The European Parliament’s Socialist Group of MEPs celebrated a major victory after reaching agreement on legislation in the final hours of the Spanish presidency of the European Union. Labour MEP Arlene McCarthy secured backing from the council of ministers, representing EU governments, as well as the the Commission for the new Capital Requirements Directive (CRD 3).
In the final Parliament vote in Strasbourg on July 7, the directive was approved by 625 votes to 28, despite many Conservative MEPs voting against.
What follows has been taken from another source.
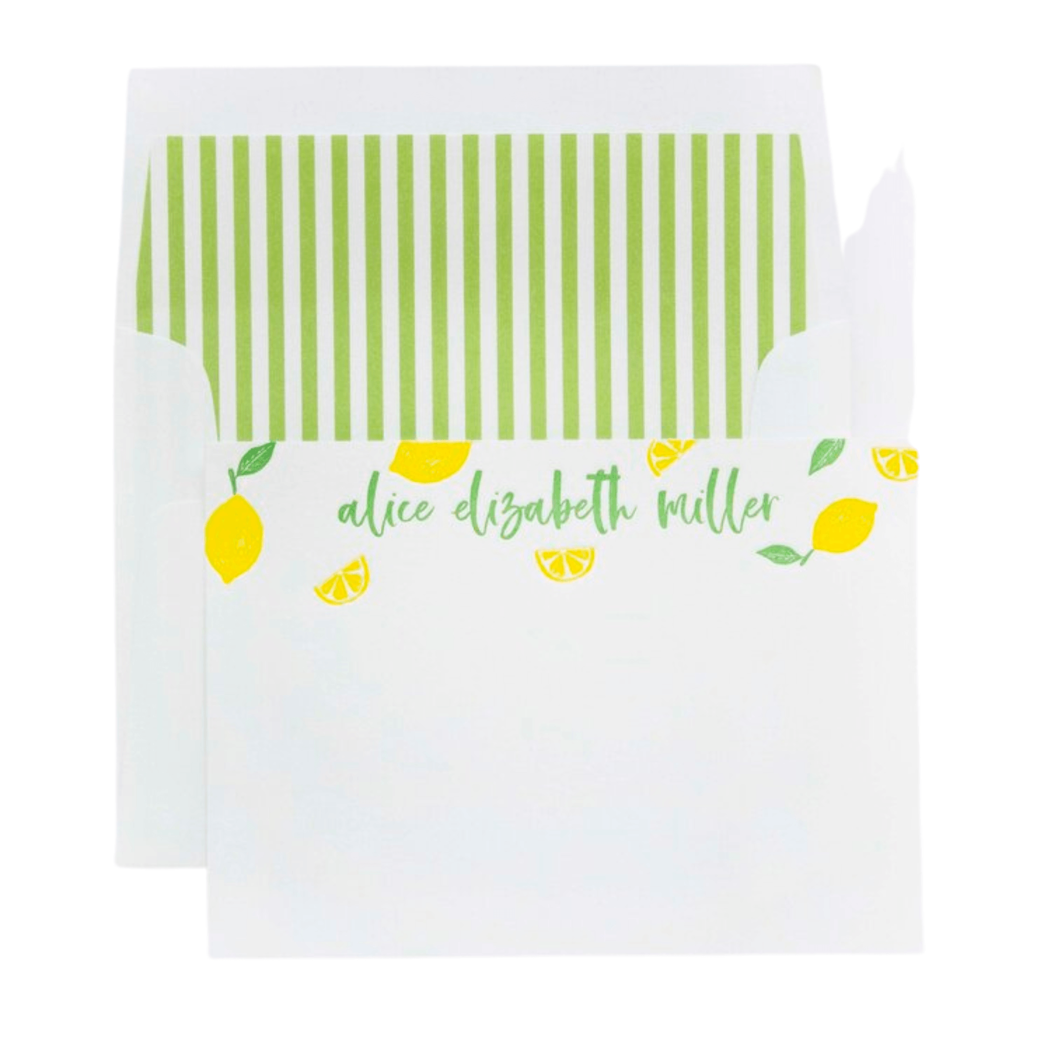 All stationery in our Personal Stationery collection is printed on 4.5" x 6.25" Crane's 110# Lettra in a Two Color Letterpress method.

European Parliament sources claimed that Chancellor George Osborne had been unaware that a deal was imminent until it had already been agreed.
The directive is a response to the weaknesses in banking practices revealed by the financial crisis, particularly the rewarding of high-risk, short-term investments with massive bonuses, and severely undercapitalised banks. The position taken by Ms McCarthy and the Socialist Group was that banking and investment firm remuneration policies should not encourage excessive risk taking and should be closely tied to the capital strength of their institution.
However, since the recession, banks have actually increased bonus payments by £10 billion, according to the Bank of England’s financial stability report published this June.
The main achievements of the Socialist group include strict limits on upfront cash bonuses to ensure that bonuses are linked to long-term success rather than risk-taking.
The maximum amount of upfront cash allowed for all bonuses is 30 per cent, and 20 per cent for large bonuses of £1 million or more. At least 50 per cent of bonuses must be in contingent capital and shares, must be deferred, and can be clawed back if investments fail, meaning that bonus payments are closely tied to the strength and performance of a bank.
For bailed-out banks, the rules are much stricter. Nationalised banks will be required to prioritise repaying taxpayers and strengthening capital bases.
Furthermore, the example of former RBS chief executive Fred Goodwin walking away from RBS with a multi-million pound pension pot should not happen again under this directive, as the value of large pension payments will also be linked to the strength of the firm. Had this been the case three years ago, Sir Fred’s pension pot would have been a small fraction of what he received.
The legislation will come into force at the start of 2011.